Será que é isso que JHC quer levar para toda Alagoas; verdadeiras montanhas de lixo que Rodrigo Cunha não consegue solucionar?
Sem coleta regular, os bairros periféricos de Maceió enfrentam um apocalipse sanitário. Com montanhas putrefatas nas calçadas; é legado fétido de JHC ou presente do atual Prefeito Rodrigo Cunha? Vai atrair a nova base aliada do grupo: ratos e insetos
Lixo acumulado na Grota do Ouro Preto em Maceió / Foto: Reprodução O ex-prefeito JHC se despediu da Prefeitura de Maceió com aquele discurso ensaiado de quem entrega a casa arrumada, varrida e com as contas rigorosamente no azul.

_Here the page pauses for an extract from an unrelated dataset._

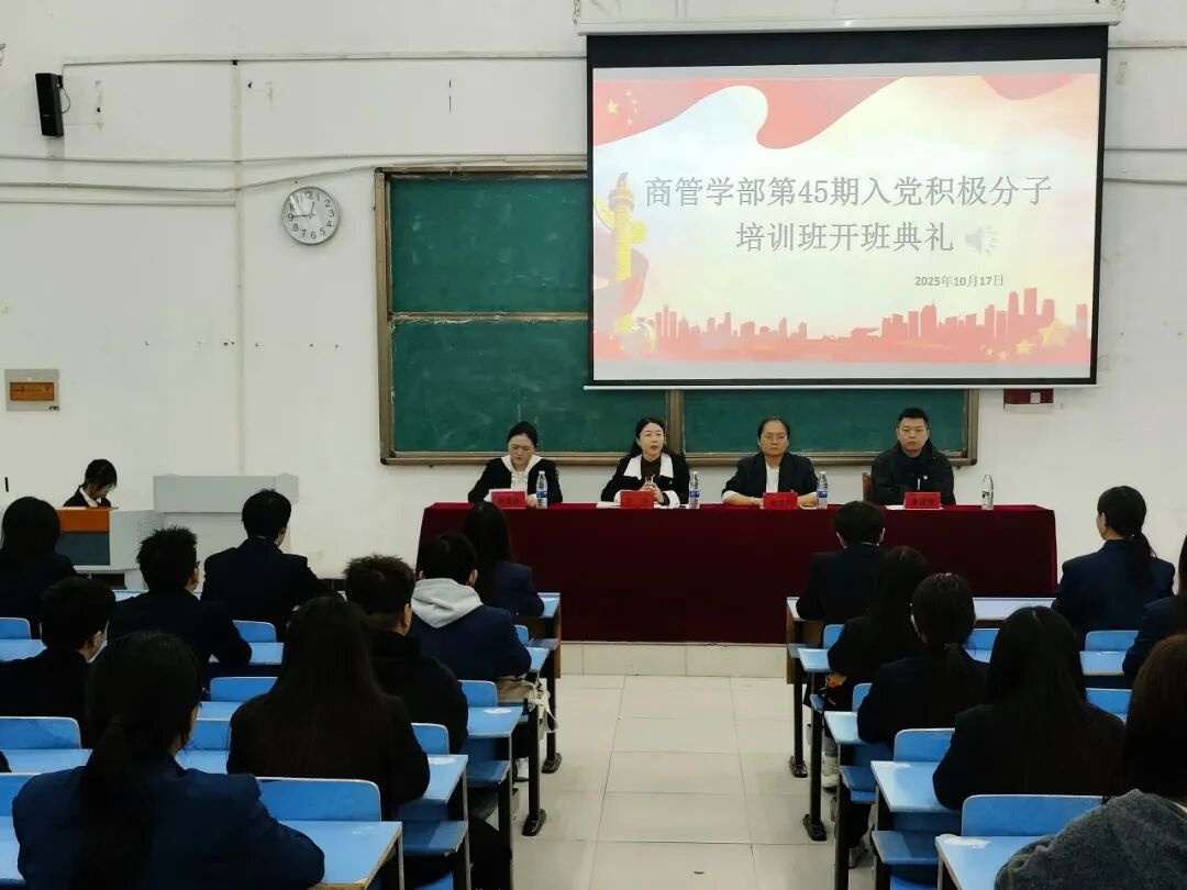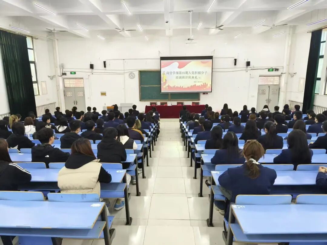 为切实加强对入党积极分子的培养教育,提高其思想政治素质和理论水平,夯实党员发展工作基础。2025年10月17日,商学院于文华阶梯六开展第45期入党积极分子培训班开班典礼。商学院党委书记、学生管理副院长李婷,管理学院团委书记张梦垚,管理学院组织员杨爽爽,商学院组织员李亚辉以及全体45期入党积极分子出席此次典礼。

No entanto, a realidade fora dos estúdios de gravação tem um cheiro bem diferente. Basta uma visita à Grota do Ouro Preto para descobrir que a sujeira, literalmente, foi jogada para o meio da rua.
Um vídeo recente gravado por um morador revoltado expõe o que a superprodução do guia eleitoral do ex-mandatário convenientemente cortou na edição: montanhas de lixo bloqueando passagens e testando o estômago e a paciência da população. O "Maceió é Massa" da propaganda tropeçou na gestão do básico: recolher o lixo da própria cidade.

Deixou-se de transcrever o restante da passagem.